The task:
For the data below, retype word for word the lines from the one containing "Bílý míček letí" through the one containing "Cztery krzesła sosnowe"; drop the pictures.

Given entries:
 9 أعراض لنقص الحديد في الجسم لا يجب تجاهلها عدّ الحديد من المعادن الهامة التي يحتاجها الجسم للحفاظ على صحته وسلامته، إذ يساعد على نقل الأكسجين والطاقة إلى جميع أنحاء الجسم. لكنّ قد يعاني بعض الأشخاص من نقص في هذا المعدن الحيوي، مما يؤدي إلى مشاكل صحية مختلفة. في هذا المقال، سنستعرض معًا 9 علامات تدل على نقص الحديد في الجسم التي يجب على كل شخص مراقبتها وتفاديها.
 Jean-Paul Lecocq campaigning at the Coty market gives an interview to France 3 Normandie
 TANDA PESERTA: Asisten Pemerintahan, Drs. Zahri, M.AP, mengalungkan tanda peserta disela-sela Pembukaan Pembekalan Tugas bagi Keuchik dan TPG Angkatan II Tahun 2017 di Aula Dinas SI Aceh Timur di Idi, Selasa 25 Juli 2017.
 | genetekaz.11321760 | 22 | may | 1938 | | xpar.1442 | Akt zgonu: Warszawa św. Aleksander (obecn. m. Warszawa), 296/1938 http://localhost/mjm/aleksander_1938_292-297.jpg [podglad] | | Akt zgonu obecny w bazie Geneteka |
* * *
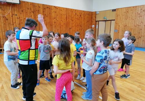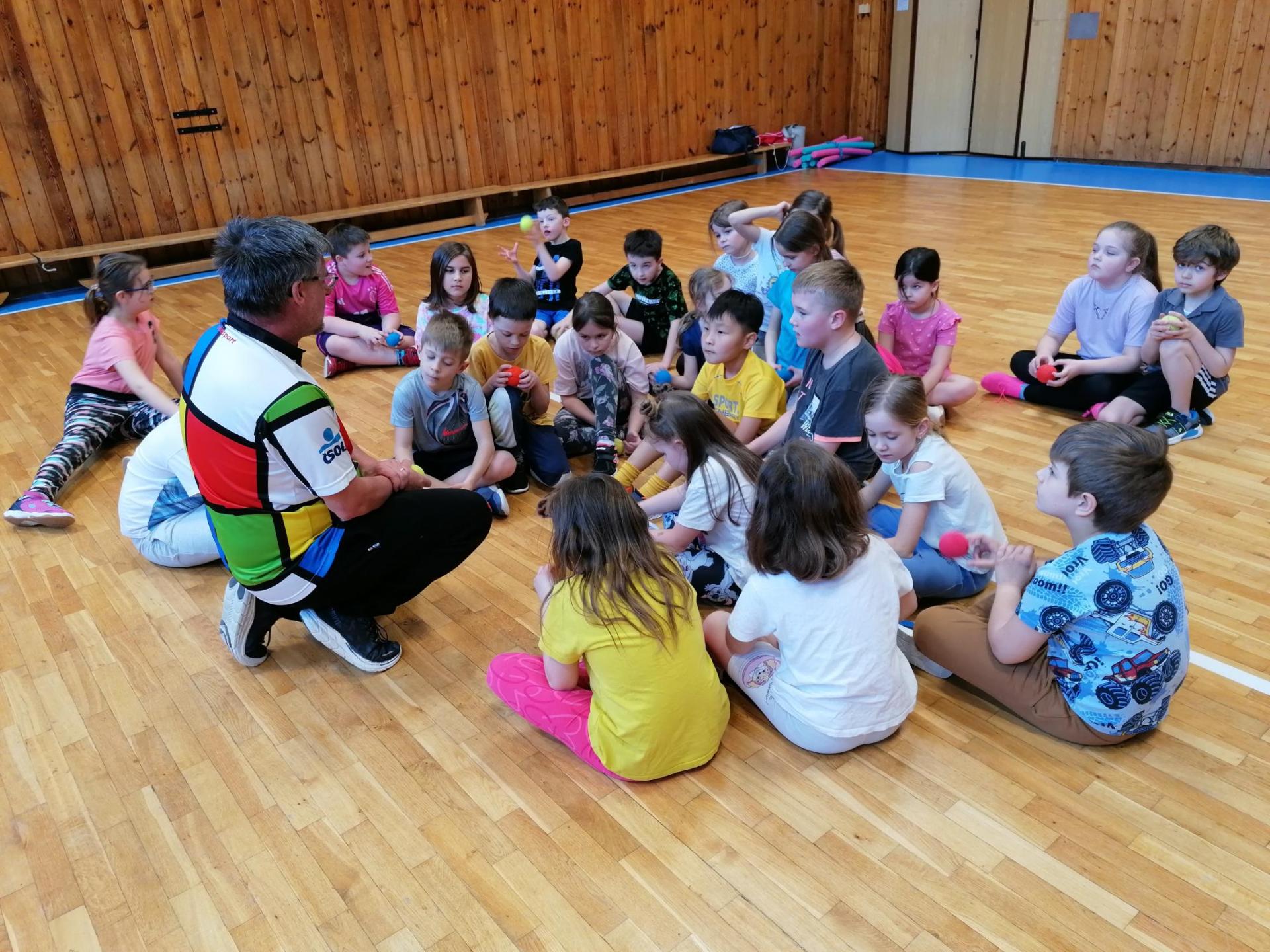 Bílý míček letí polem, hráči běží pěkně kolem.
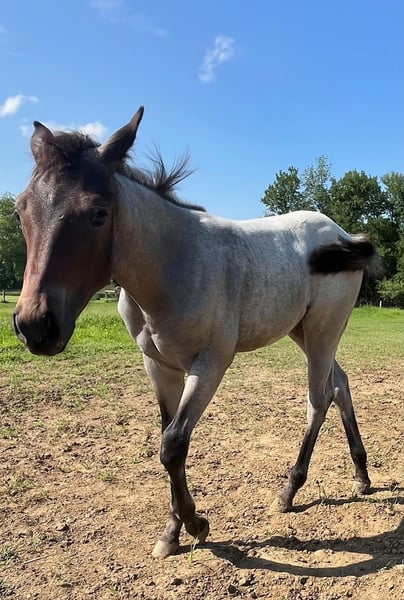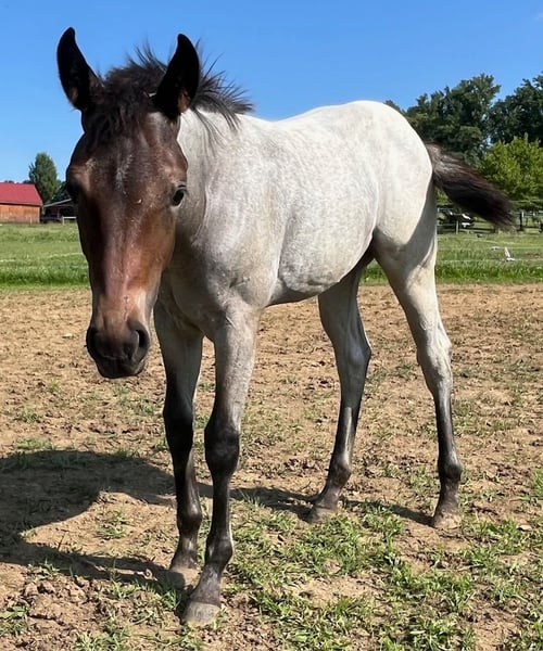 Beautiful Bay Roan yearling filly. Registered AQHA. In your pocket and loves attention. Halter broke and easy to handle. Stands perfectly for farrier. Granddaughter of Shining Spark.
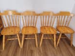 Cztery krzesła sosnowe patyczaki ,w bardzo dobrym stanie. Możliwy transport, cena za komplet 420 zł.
==
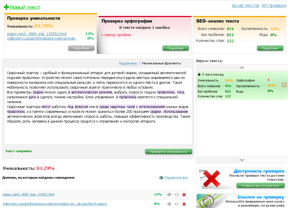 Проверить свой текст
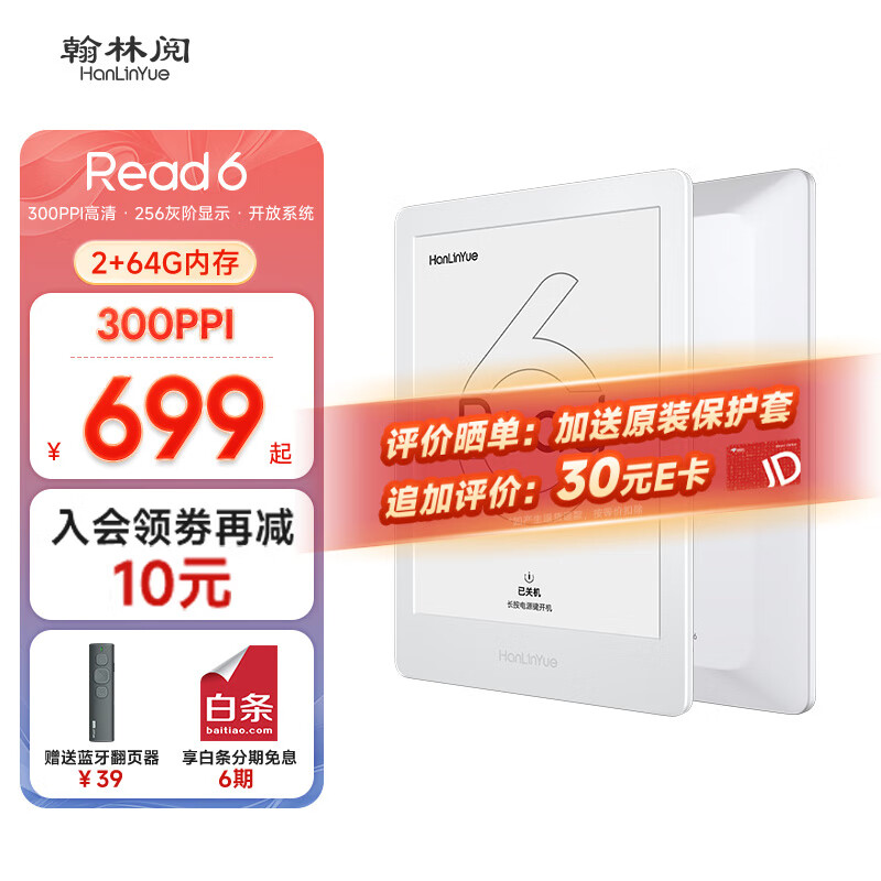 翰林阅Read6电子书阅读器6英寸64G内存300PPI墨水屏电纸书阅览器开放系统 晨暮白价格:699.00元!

Result:
 Bílý míček letí polem, hráči běží pěkně kolem.
 Beautiful Bay Roan yearling filly. Registered AQHA. In your pocket and loves attention. Halter broke and easy to handle. Stands perfectly for farrier. Granddaughter of Shining Spark.
 Cztery krzesła sosnowe patyczaki ,w bardzo dobrym stanie. Możliwy transport, cena za komplet 420 zł.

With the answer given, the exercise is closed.